Espaço Cultural
do Povo
Xukurú do
Ororubá

DIREITO DOS ÍNDIOS SOBRE AS TERRAS

De: Vânia Fialho (1)

Falamos em comemorar os 500 anos... Comemorar? É surpreendente constatar um passado em que não se respeitava o outro, o nativo, o diferente e em que o colonizador aqui chegou e instalou toda uma estrutura de sociedade trazida consigo, civada de valores eurocêntricos. Ouvimos falar e lemos sobre os etnocídios, genocídios, violências ocorridas num passado distante. Parece tudo tão longe. Mero engano. Estamos vivendo, hoje, as mazelas que alguns, ingenuamente, achavam ter ficado para trás.

Francisco de Assis Araújo, o Chicão, índio Xucuru da serra do Ararobá, foi assassinado a tiros na manhã desta Quarta-feira, 20 de maio de 1998, final do século XX. O motivo? Basta fazer uma rápida retrospectiva.

Os Xucurus habitam a região onde hoje se encontram há séculos. Inúmeros documentos escritos atestam a presença deles nas terras que reivindicam ao Estado para que sejam reconhecidas como tradicionalmente ocupadas por eles. E assim, quem sabe, garantirem sua sobrevivência: um direito constitucional. Da mesma maneira, encontramos documentos que comprovam os conflitos e caracterizam a ocupação da região e do tratamento dispensado aos índios no percurso destes 500 anos. O direito dos índios sobre estas terras preexiste ao reconhecimento pelo Estado, mas as terras só passam a ser status legal na medida em que reconhecidas em um processo administrativo.

Na tentativa de obedecer preceitos estabelecidos por lei, o processo de regularização fundiária dos Xucurus foi iniciado em 89, com a identificação e delimitação das terras, demarcadas em 95 com 27,5 mil hectares. Nos jornais repercutia a denúncia de que um delegado de Pesqueira prendeu de forma arbitrária um Xucuru, torturado a pedido de um fazendeiro. E que também os proibiu de realizarem a dança do Toré. Época em que Chicão já mobilizava sua comunidade e marcava presença junto aos órgãos oficiais e às instituições de apoio à causa indígena, para garantir a terra dos Xucurus. O caso relatado foi apenas um dos que se sucederam, culminando com o assassinato do advogado Geraldo Rolim, do filho do pajé Xucuru e do próprio Chicão.

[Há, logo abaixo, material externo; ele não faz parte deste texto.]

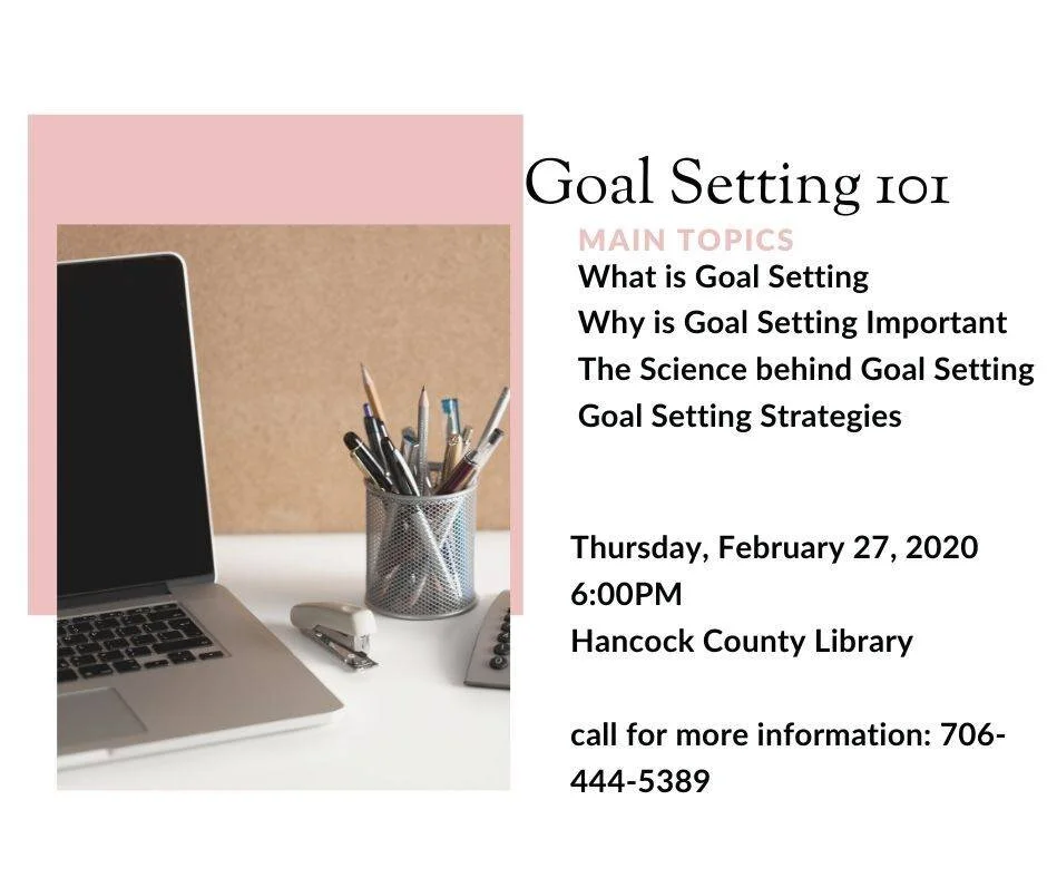 The first in a series of workshops to help you achieve your goals in 2020. Goal Setting 101. You will learn what is goal setting, why is it important, the science behind goal setting and strategies. If you have any questions call Hancock County Library at 706-444-5389

O processo de regularização dessas terras sempre foi alvo de contestação dos que representam o poder econômico e político da região. Várias investidas vêm sendo feitas com o intuito de estagnar o processo, anular a demarcação e rever os limites propostos para diminuir o território e descaracterizá-lo como terra indígena.

A lentidão e a ineficácia do Estado para resolver problemas como o reconhecimento das terras Xucuru, associadas à ingerência política, promovem encaminhamentos arbitrários à Justiça de uma sociedade que se reconhece como pluriétnica.

Garantias constitucionais e vivência plena da cidadania só poderão ser experimentadas quando houver uma mudança profunda nos preceitos em que está assentada nossa sociedade. O caso Xucuru é mais um dos que ocorrem no Brasil, promovidos pela resistência de uma estrutura agrária arcaica, concentradora de terras que insiste em negar a existência de lógicas adversas ao poder hegemônico.

Vamos, agora, ficar atentos aos desdobramentos da morte de Chicão. Será que, como no caso de Geraldo Rolim, o assassinato do líder Xucuru será descaracterizado enquanto crime relacionado aos conflitos de terra indígena? Quem serão os responsáveis? Ou respondemos com seriedade ou voltamos a comemorar os 500 anos.